Since nobody who supposedly thought this was a good question seems actually to have wanted to write an answer, here is one from me.

Let us define a bimodal distribution:

dist = MixtureDistribution[
  {0.6, 0.4},
  {NormalDistribution[-0.8, 1.3], NormalDistribution[2.7, 0.4]}
 ];
pdfplot = Plot[PDF[dist, x], {x, -5, 5}]

Plot of PDF

To simulate your data we draw some random variates from this distribution. HistogramList is used to convert these into a set of bin and count specifications. (For your real data, you may find it useful to try different binning methods. The various possibilities are described in the documentation.)

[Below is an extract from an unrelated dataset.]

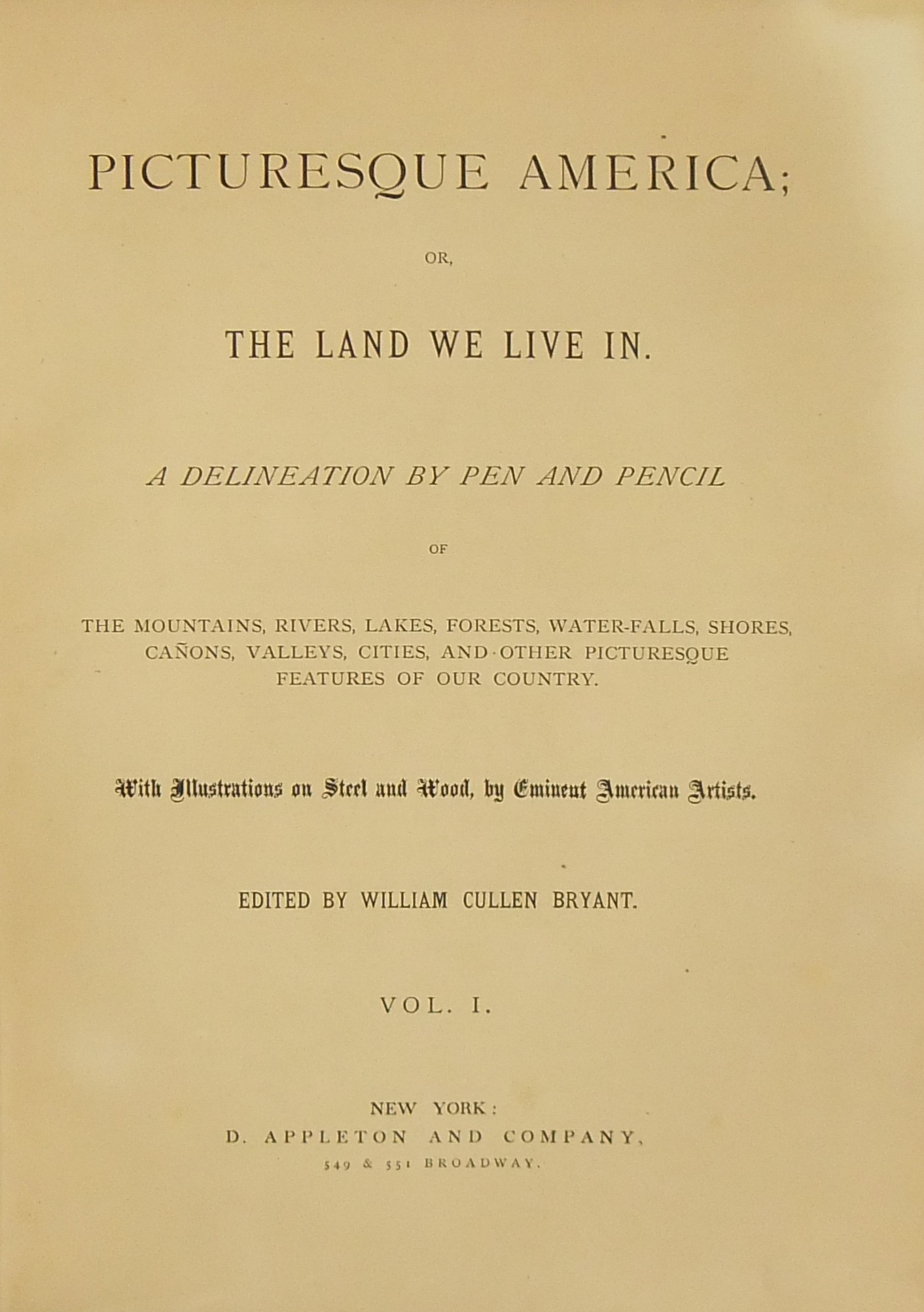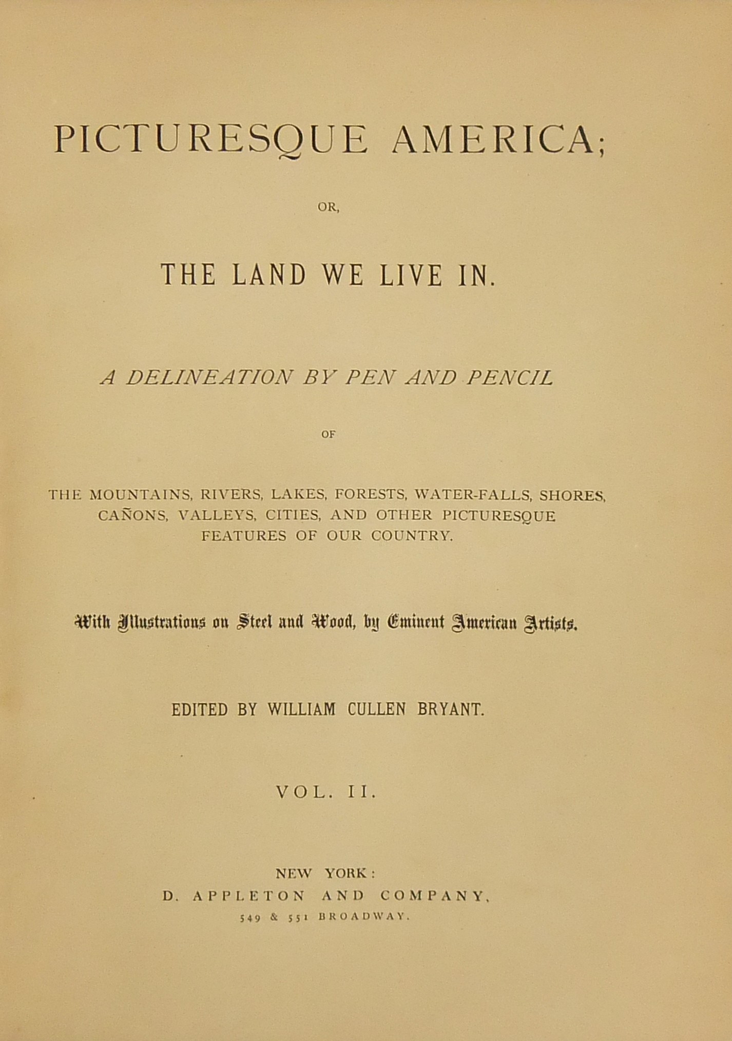 Picturesque America or the land we live in. A delineation by pen and pensil of montains rivers lakes forests water-falls shores canons valleys cities and other picturesque features of our country. With illustrations on steel and wood by Eminent American Artists.

{bins, counts} = HistogramList@RandomVariate[dist, 10000];

For fitting we need a list of bin centres and probabilities, rather than boundaries and counts:

data = Transpose[{
  Mean /@ Partition[bins, 2, 1],
  counts Length[bins]/(Total@Differences[bins] Total[counts])
 }];
Show[{pdfplot, ListLinePlot[data, PlotStyle -> Red]}]

Plot of PDF vs. histogram data

Now we get to the substance of your question, i.e. actually doing the fit:

f[x_, a_, μ_, σ_] := a Exp[-(x - μ)^2/(2 σ^2)]/(Sqrt[2 Pi] σ);
model = f[x, a1, μ1, σ1] + f[x, a2, μ2, σ2];
result = FindFit[data, model,
 (* reasonable initial values are important *)
 {{a1, 0.5}, {μ1, -1}, {σ1, 1}, {a2, 0.5}, {μ2, 3}, {σ2, 0.5}},
 x
]
(* -> {a1 -> 0.618350, μ1 -> -0.798249, σ1 -> 1.314220, 
       a2 -> 0.404240, μ2 ->  2.693320, σ2 -> 0.400108} *)

It matches the original:

Show[{pdfplot, Plot[model /. result, {x, -5, 5}, PlotStyle -> Red]}]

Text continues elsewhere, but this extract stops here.